Experienced journalists are panicked, he says, because they know the newspaper business model isn't working any more, and some resort to glibness to hold onto their younger readers. Younger writers, meanwhile, get snarky in their posts to such alternative-media blogs as Gawker, Defamer, or Wonkette, in order to get a toehold in their new profession.

One casualty of this migration to the Web might be the construction of "a centralized narrative" about events in politics, the economy, culture, and foreign affairs, to be encountered in the nation's leading newspapers and news magazines. If economics force those publications to become Web-only presences, they will likely become "part of the general clamor," fears Denby, and in that well of competing voices, snark could become even more important because of its tendency to be repeated.

Responding to Nunberg's observation that a heated discourse about respectful expression has been taking place for more than a decade already, Denby protested, "I'm not calling for niceness, or saying we should all curl up into one another's laps.

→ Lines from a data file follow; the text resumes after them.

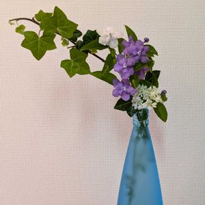 静岡市☔中々🟦🌞は珍しくなってしまって 😞 3年前に私の好きな ニオイバンマツリを植え、しっかり一丁前に 今年は花盛り🤩🥰👍🏻 満開の時☔が…やはり 花びらが😖😣😮💨 少し✂️🥰🥰🥰甘〜い いい香り〜〜〜🎶🎵 5月2日に花壇撮影 ニオイバンマツリ 2作品本日は1作品投稿します No1…ニオイバンマツリ アイビー オルレア 3種マンション花壇のお花 花器😁😆焼酎の空き瓶 🌿涼しげな生け花🌿 No2…3年前に植えましたが今年は1m位迄に成長花数も多く初めて生け花に使用 No3…主人の健康サプリドリンク🤣🤣🤣焼酎。この瓶を👀時 🤩🎶ニオイバンマツリを生けよう➰ 🩵💚🖤益々健康ドリンク瓶が貯まってしまいます😆😁 No4…家の横の道路 歩道より 夕方🚶🏻♀️🚶🏻♀️🚶🏻♀️🚶🏻♀️🚶🏻♀️ コンクリートの🤏🏻の隙間より毎年3箇所 🩷🌿,サフランモドキ💜🌿スミレも 何箇所か、かたまり があるので余分な草取りをして見守っています。 では🤗 樹里 🎶🎶🚶🏻♀️🚶🏻♀️🚶🏻♀️🚶🏻♀️🚶🏻♀️🌿🌿 先日GS花友さんより 蔦繋がりより 学生時代の歌詞を 教えて頂いて歌ながら 🚶🏻♀️🚶🏻♀️🚶🏻♀️🤣🤣音痴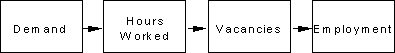 Feature Article - Leading Indicators of Employment FIGURE 1 DRIVERS OF EMPLOYMENT GROWTH When a firm faces increased demand for its product, it may initially increase the hours worked by its employees to service this additional demand. That is, the existing workers are asked to work longer hours. If the firm believes that the increase in demand is long lasting, it may advertise for additional workers to sustain the increased level of output. These vacancies may eventually be filled and total employment will increase. Of course the link between each step is not guaranteed. An increase in demand may result in a firm running down inventories rather than increasing production. Alternatively, increased demand may be met by an increase in the productivity of existing workers rather than an increase in the number of hours worked or the number of workers. METHODS: TURNING POINT AND CORRELATION ANALYSIS Turning point analysis is used to compare the patterns of peaks and troughs in three series-actual hours worked, job vacancies, and GDP-to see which series is the best leading indicator of employment. The lag time between a movement in one series leading a movement in employment is also examined. Turning point analysis involves capturing the business cycle component from each series. This is done by separating the business cycle component from the other time series components, such as the irregular and long-term trend components and comparing the respective peaks and troughs over time. Broadly, this is done by applying different length Henderson moving averages to remove short cycles of less than two years (which produces a trend series) and very long cycles of more than eight years (which produces a long-term trend series). The difference between the trend and the long-term trend is referred to as the business cycle component of the time series. The business cycle component in this article is presented as standard deviations from the long-term trend. A full business cycle represents the movement from peak- trough-peak or from trough-peak-trough. Correlation analysis is a technique which can be used to measure the degree of linear association between two variables. The stronger the linear correlation (i.e. closer to +1 or -1), the closer the association between the two variables. By examining the correlation between the business cycle component of each series, the strength of the relationship can be assessed. The analysis can also examine whether there is correlation with future (or previous) periods. This is often referred to as lead-lag analysis. DATA The monthly employment data are from Labour Force, Australia (cat. no. 6202). The monthly hours worked data are from Labour Force, Australia, Detailed-Electronic Delivery (cat. no. 6291.0.55.001). The quarterly job vacancies series is from Job Vacancies, Australia (cat. no. 6354.0). Quarterly GDP is from Australian National Accounts: National Income, Expenditure and Product (cat. no. 5206.0). EMPLOYMENT GROWTH It is useful to observe employment growth between periods. This makes it easier to observe occasions when employment falls during economic downturns and increases during expansions. Figure 2 shows quarterly percentage changes in the level of employment (trend series) from March 1984 to December 2003. FIGURE 2: QUARTERLY CHANGES IN EMPLOYMENT, TREND Employment increased steadily during the mid to late 1980s. During 1989 employment growth began to slow, ending with the recession of the early 1990s. In 1992 employment growth began to recover. Since this time employment growth has been reasonably steady. However, employment did fall for a brief period in 2000 and 2003. The next section of this article explores the relationship between the three potential leading indicators and employment. All series referred to in the analysis are the business cycle component of the seasonally adjusted series. EMPLOYMENT AND HOURS WORKED A firm facing increased demand for its product may increase the hours worked by its employees to meet the additional demand. Existing workers are only willing (or able) to work a certain amount of additional hours. If demand continues to increase additional workers may have to be employed. Therefore, a rise in the number of hours worked may be a leading indicator of employment. Turning point and correlation analysis was conducted for total employment and the total number of actual hours worked. Figure 3 shows the turning point analysis for the business cycle component of total employment and total hours worked. This provides a visual representation of the turning points for each series. For example, when the business cycle component of employment dips below zero, employment is below the long-term trend. Conversely when the business cycle component of employment is above zero, employment is above the long-term trend. The total actual hours worked series looks broadly similar to the total employment series over the period November 1983 to October 2003. It is of interest to note that the troughs experienced by total employment in March 1996 and February 2000 were not closely matched by the total hours worked. FIGURE 3: BUSINESS CYCLE TURNING POINT ANALYSIS, Total Employment and Total Hours Worked Peaks in total actual hours worked lead peaks in employment by up to one month. However, in most cases peaks in total actual hours worked coincide with peaks in employment. Troughs in total actual hours worked lead troughs in employment by up to two months over the period. The relationship between total actual hours worked and total employment can be difficult to disentangle. A rise in the total number of actual hours worked could be a function of existing employees working longer hours or new employees contributing to the total actual hours worked. This is evident from examining the correlation analysis for the two variables in Figure 4. This tests the strength of the relationship between hours worked in one month and employment in the sub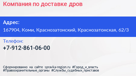 Компания по доставке дров по адресу 167904, Коми, Краснозатонский, Краснозатонская, 62/3 в дальнейшем Организация, размещена в следующих категориях: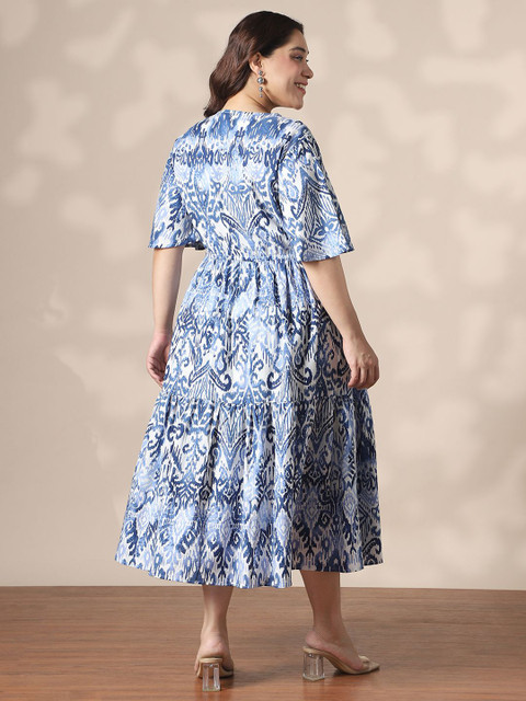 - Blue ethnic motifs print fit & flare dress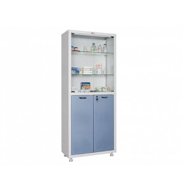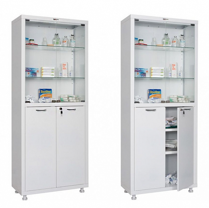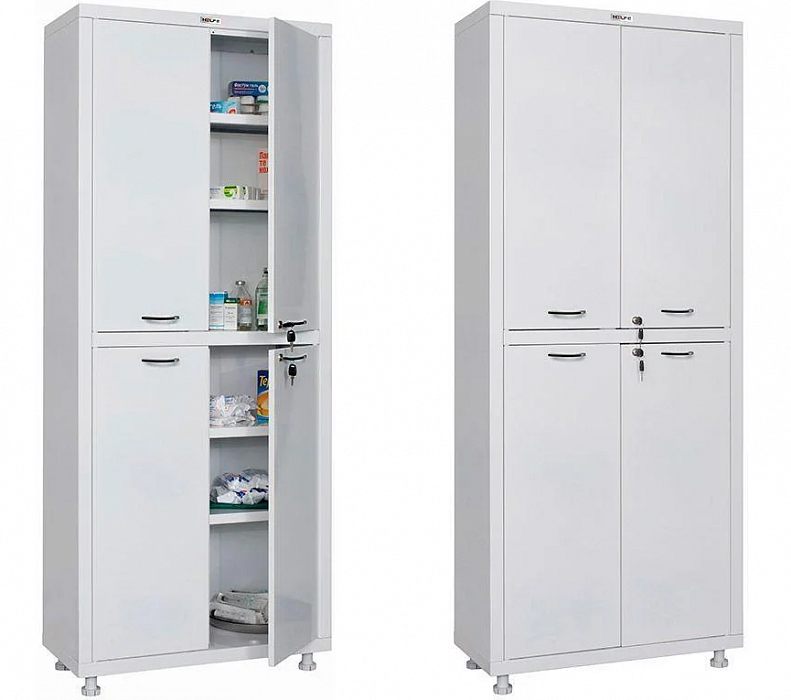 - Шкаф МД 2 1670/SG - из стали со стеклянной полкой, с двумя «глухими» и двумя стеклянными дверцами.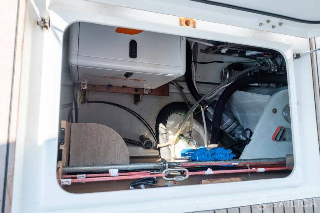 В комплектацию парусной яхты включено такое оборудование, как Генуя с скруткой, Лейзи бег, Горячая вода, АИС, Аварийный румпель и прочее. С полным оснащением, дополнительными услугами и их ценами можно ознакомиться ниже.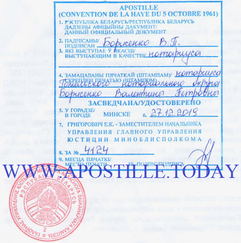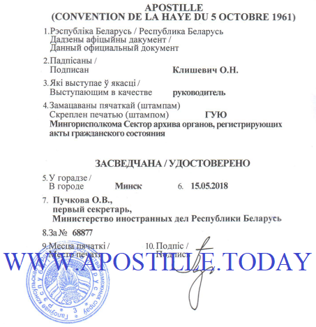 - Департамент по архивам и делопроизводству Министерства юстиции РБ. Данное государственное ведомство заверяет апостилем различные архивные документы.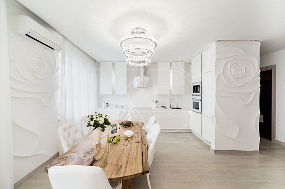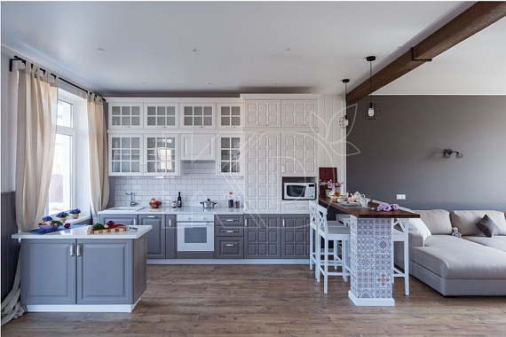 Как и угловая кухня, она подходит для помещений любого размера, различаясь по количеству модулей. Если же кухня просторная, то также можно выбрать П-образную, островную, полуостровную мебель. Часто она используется для квартир-студий или же кухонь, объединенных с гостиной или столовой, успешно осуществляя зонирование.

But we could, as the president says, respect each other enough to differ without trying to annihilate each other, because now we're in a very difficult situation in which we have to pull together."

Still, said Denby, who acknowledges in his book that he's a fan of "nasty comedy, incessant profanity, trash talk, any kind of satire, and certain kinds of invective," some subjects simply cry out for snark: "Dick Cheney shooting his best friend in the puss, Eliot Spitzer sleeping with the women he's been prosecuting, and over-rated expensive restaurants." What's more, he said, "You wouldn't want to know anyone who wouldn't want to make fun of the movie Australia," adding, "some of us get paid to do that."